Imagine a world where we only use free open source software. The savings made by all will be substantial (consider OpenOffice versus MS/Office license fees paid by governments world wide, or Rattle versus SAS Enterprise Miner annual license fees). A small part of that saving might be expended on ensuring we have staff who are capable of understanding and extending that software to suit our needs, rather than vice versa (i.e., changing our needs to suit the software). We feed our extensions back into the grid of open source software, whilst also benefiting from contributions others are making. Some commercial vendors like to call this “communism” as part of their attempt to discredit open source, but we had better learn to share, for the good of the planet, before we lose it.

( Note from Ajay – If you are curious to try R , and have just 15 minutes to try it in, download Rattle from rattle.togaware.com. It has a click and point  interface and auto generates R code in it’s log. Trust me, it would time well spent.)


4 Comments

  1. [...] I know R Commander is much more widely used, but it has no corporate support version. And it is a self confessed basic stats GUI while Rattle has both a corporate version as well as data mining functionality that is simply delightful to use. See interviews with both R Commander Creator Prof John Fox and Prof Graham of Rattle . [...]

  2. Graham Williams says:

    Thanks for the comments Bob. Let me add a little more to my ramblings…..

    On the data sizes, they are based on ad-hoc experience, not science so
    don’t place too much weight on them. The figures will depend on what
    models you are building and how the algorithms handle data (rpart or
    SVM or RWeka – they all have very different profiles in their data
    usage).

    When Clementine (now SPSS Clementine) introduced the flowchart for
    data mining it was clearly a step forward. And SAS’s implementation
    was great to see. The recent R based toolkit for implementing
    flowchart interfaces will provide that option for R based applications
    and I look forward to their emergence
    (http://www.ef-prime.com/products/ranalyticflow_en/index.html).

    The flowchart interface and GUIs in general are great. They take the
    pain out of remembering commands and their syntax, and can support
    repeatability, but do less to capture intent. But I feel that they
    don’t encourage understanding, recording of intent, or reuse. They do
    encourage building complexity without necessarily understanding
    it. For example, it is not easy to document your nodes in the SAS
    flowchart (although I understand this will get easier).

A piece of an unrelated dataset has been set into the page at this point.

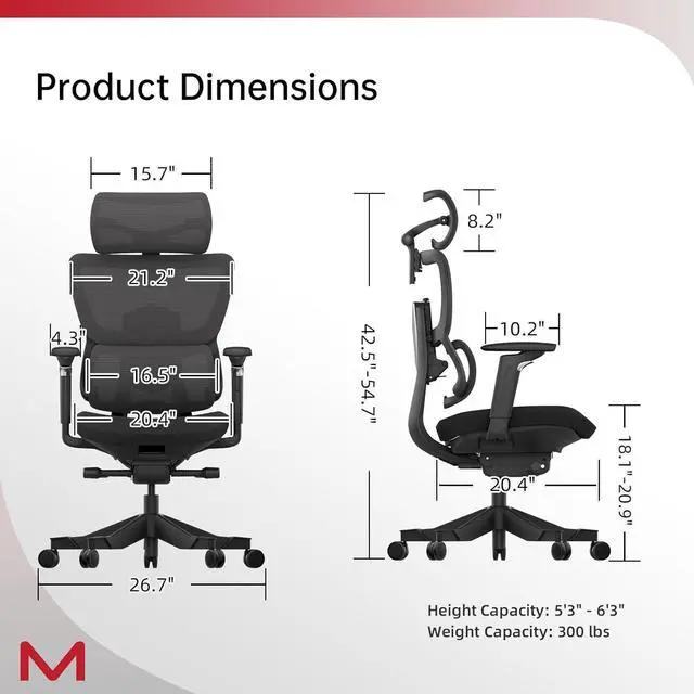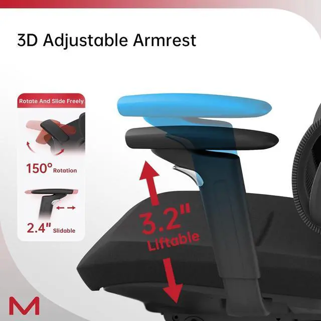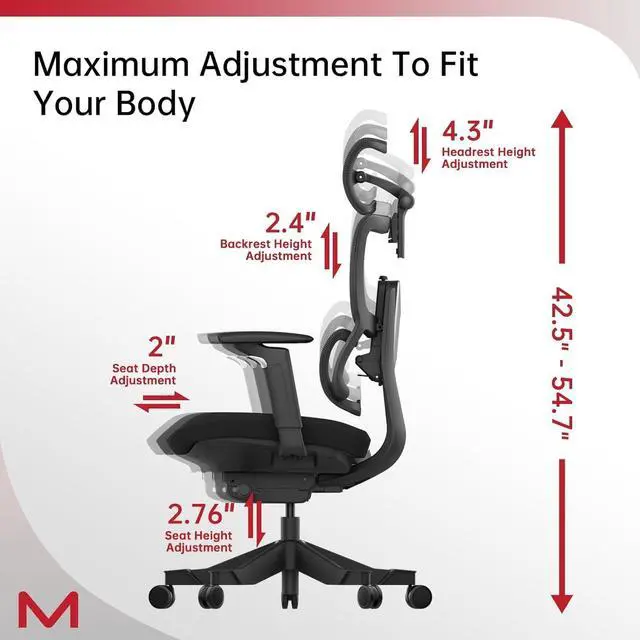 Ultra-Wide Adaptive Lumbar SupportEngineered for 5'3"-6'3"adults, this ergonomic mesh office chair with lumbar support features an extra-wide adaptive lumbar system (18"×11") that aligns with L1-L5 vertebrae to cut 37% of seated pressure during 10-hour marathons. A 13.8" wide 3D headrest cradles your neck while the tall high-back frame supports your entire spineideal for big-and-tall users at standing desks or intense work sessions.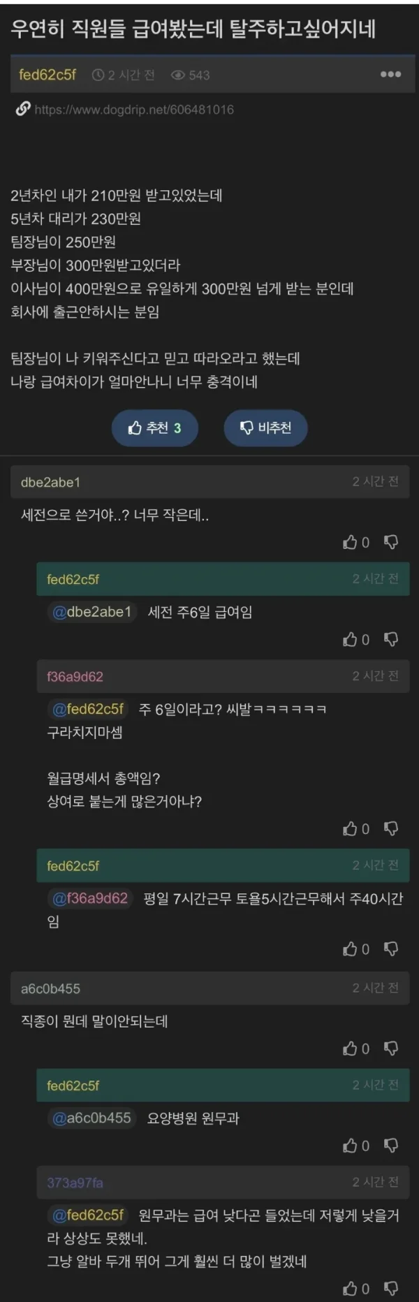 우연히 직원들 급여 보고 멘붕 온 사람 로나 로나님의 홈 전체게시물 아이디로 검색 로나님의 홈 전체게시물 아이디로 검색 2026-04-13 10:27 31 2 0 0 이전글 다음글 검색 목록 본문 본문 0 0 로그인 후 추천 또는 비추천하실 수 있습니다. 이전글 다음글 검색 목록 댓글목록2 웃음초님의 댓글 웃음초 웃음초님의 홈 전체게시물 아이디로 검색 웃음초님의 홈 전체게시물 아이디로 검색 2026-04-13 11:02 급여 공개 = 회사판 블랙미러 0 0 급여 공개 = 회사판 블랙미러 순수린님의 댓글 순수린 순수린님의 홈 전체게시물 아이디로 검색 순수린님의 홈 전체게시물 아이디로 검색 2026-04-14 09:37 급여표 보는 순간 이직 버튼 자동 활성화됨 0 0 급여표 보는 순간 이직 버튼 자동 활성화됨

I want to
    record why data was transformed in some particular way or why one
    model was used rather than another model. I want to tell a story, not kust draw a picture.

    When I come back to a very complex flowchart in three months (or have another complex flowchart handed over to me) I need to try and rediscover why all of the decisions that lead to alternative flows were considered, why particular transforms were considered and whether others were tried.

    Of course, this requires discipline and good practise, and I could
    record all this in some other document. But this is an integral part
    of data mining (and software development – I view data mining as
    programming and programming as building models of the world – a model
    in the data mining context is a program that we intend to deploy). We
    need to capture experience and knowledge and build on it. Programming
    encourages this, and literate programming gets the focus right
    (document the process and intermix it with the procedures to implement
    it).

    Note that these comments apply also to Rattle. In Rattle, by
    exposing the Log as an editable script (and eventually, as time
    permits, a Sweave document) I hope to encourage users to document
    processes as they proceed, and to look for automation opportunities at
    every step. Rattle will provide, as part of the process, a template
    document, as the log, where the user can record decisions and note
    rationale. It still requires discipline from the user.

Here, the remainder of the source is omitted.